--- Description of the task ---
Repeat the listing word for word. Leave every picture out.

--- Data shown ---
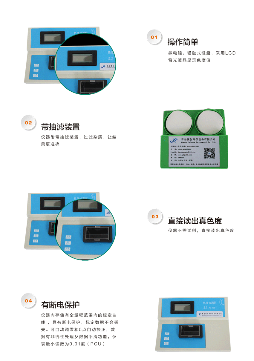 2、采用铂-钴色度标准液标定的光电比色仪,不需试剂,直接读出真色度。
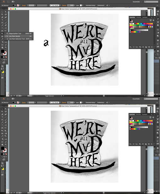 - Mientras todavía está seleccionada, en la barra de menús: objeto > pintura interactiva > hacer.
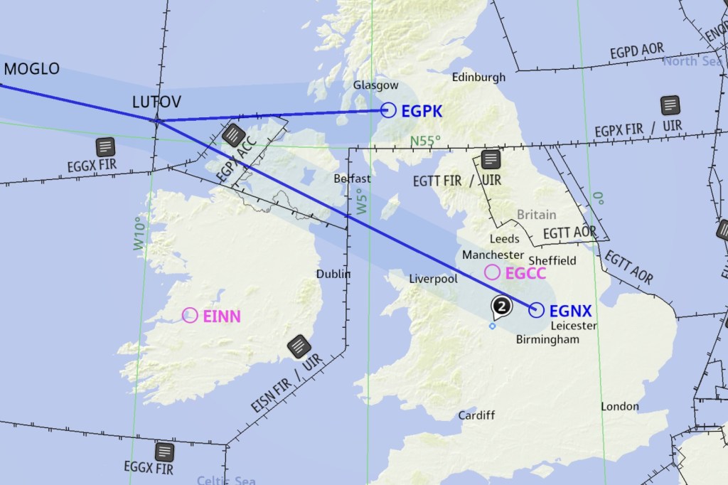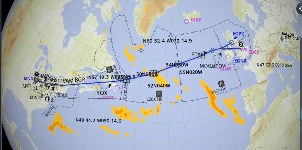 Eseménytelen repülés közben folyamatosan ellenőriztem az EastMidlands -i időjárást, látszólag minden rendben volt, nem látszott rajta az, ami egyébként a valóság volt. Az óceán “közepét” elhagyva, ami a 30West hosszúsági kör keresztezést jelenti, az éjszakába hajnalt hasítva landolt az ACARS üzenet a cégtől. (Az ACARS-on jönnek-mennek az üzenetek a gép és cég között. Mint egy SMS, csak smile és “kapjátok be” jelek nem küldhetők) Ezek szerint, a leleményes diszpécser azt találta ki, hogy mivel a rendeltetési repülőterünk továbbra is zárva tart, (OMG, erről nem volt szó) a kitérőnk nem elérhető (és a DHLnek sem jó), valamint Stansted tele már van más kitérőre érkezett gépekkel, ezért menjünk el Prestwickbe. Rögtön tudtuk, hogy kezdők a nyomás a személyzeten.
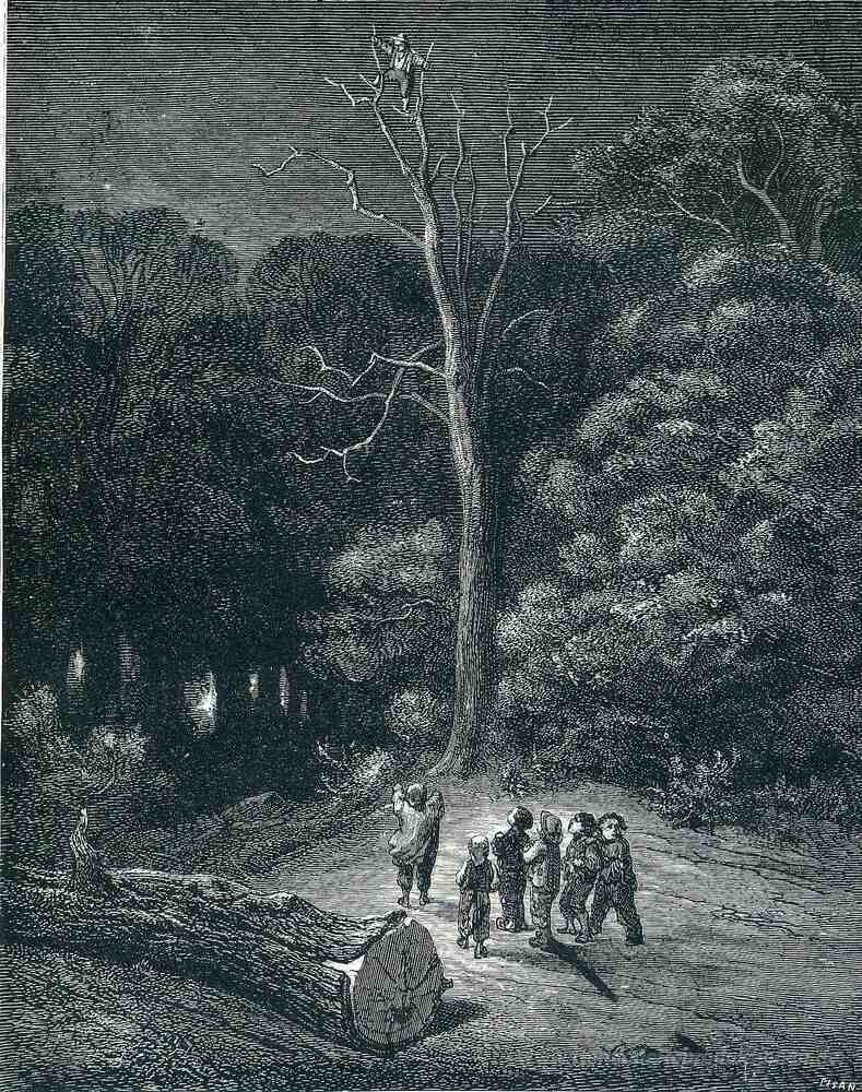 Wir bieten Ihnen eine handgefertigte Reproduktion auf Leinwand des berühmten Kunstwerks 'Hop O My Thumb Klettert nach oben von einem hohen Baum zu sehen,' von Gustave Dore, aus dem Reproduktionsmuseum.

--- Exercise solution ---
 2、采用铂-钴色度标准液标定的光电比色仪,不需试剂,直接读出真色度。
 - Mientras todavía está seleccionada, en la barra de menús: objeto > pintura interactiva > hacer.
 Eseménytelen repülés közben folyamatosan ellenőriztem az EastMidlands -i időjárást, látszólag minden rendben volt, nem látszott rajta az, ami egyébként a valóság volt. Az óceán “közepét” elhagyva, ami a 30West hosszúsági kör keresztezést jelenti, az éjszakába hajnalt hasítva landolt az ACARS üzenet a cégtől. (Az ACARS-on jönnek-mennek az üzenetek a gép és cég között. Mint egy SMS, csak smile és “kapjátok be” jelek nem küldhetők) Ezek szerint, a leleményes diszpécser azt találta ki, hogy mivel a rendeltetési repülőterünk továbbra is zárva tart, (OMG, erről nem volt szó) a kitérőnk nem elérhető (és a DHLnek sem jó), valamint Stansted tele már van más kitérőre érkezett gépekkel, ezért menjünk el Prestwickbe. Rögtön tudtuk, hogy kezdők a nyomás a személyzeten.
 Wir bieten Ihnen eine handgefertigte Reproduktion auf Leinwand des berühmten Kunstwerks 'Hop O My Thumb Klettert nach oben von einem hohen Baum zu sehen,' von Gustave Dore, aus dem Reproduktionsmuseum.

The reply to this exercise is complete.